# Activity:
All that is wanted is the exact lines from the first line of the data below through the line with "Москва. 22 декабря.", both ends included, with pictures omitted.

# Given data:
☆ ☆ ☆ ☆
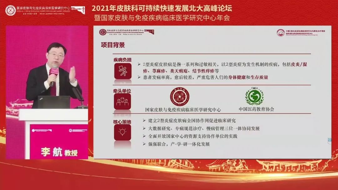 图:李航教授介绍中国2型炎症皮肤病临床研究与均质化诊疗项目立项背景
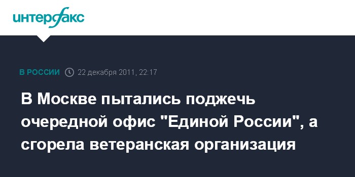Москва. 22 декабря. INTERFAX.RU - Видеозапись, на которой демонстрируется поджог одного из офисов партии "Единая Россия", появилась в интернете. Между тем источники сообщают, что хулиганы ошиблись офисом и подожгли находящуюся в соседнем помещении ветеранскую организацию.
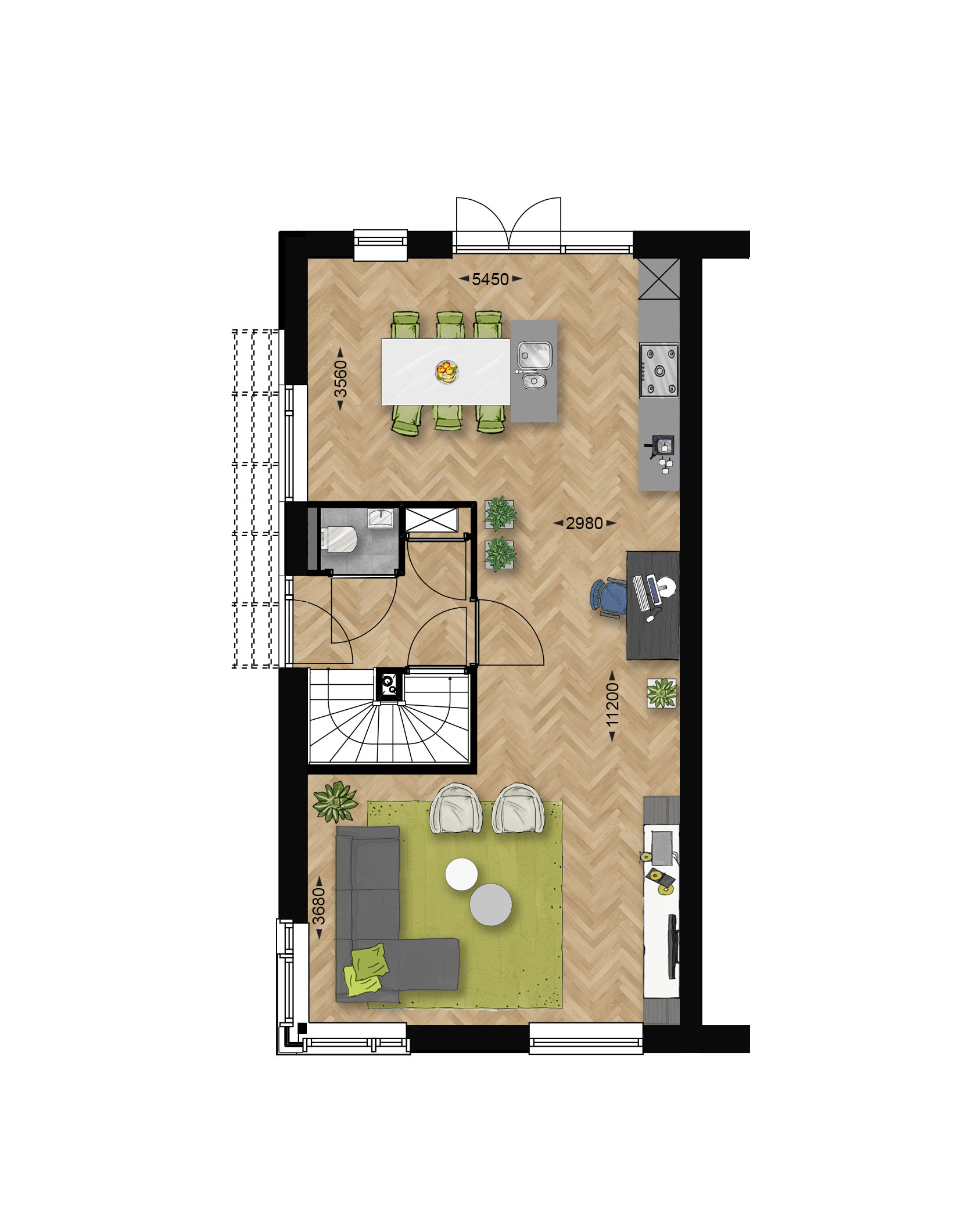 Er is veel variatie in de plattegronden, in deze brochure zijn een tweetal plattegronden geplaatst, op de verkooptekeningen zijn ook de overige plattegronden uitgewerkt.
☆ ☆ ☆ ☆
# Answer area:
 图:李航教授介绍中国2型炎症皮肤病临床研究与均质化诊疗项目立项背景
Москва. 22 декабря. INTERFAX.RU - Видеозапись, на которой демонстрируется поджог одного из офисов партии "Единая Россия", появилась в интернете. Между тем источники сообщают, что хулиганы ошиблись офисом и подожгли находящуюся в соседнем помещении ветеранскую организацию.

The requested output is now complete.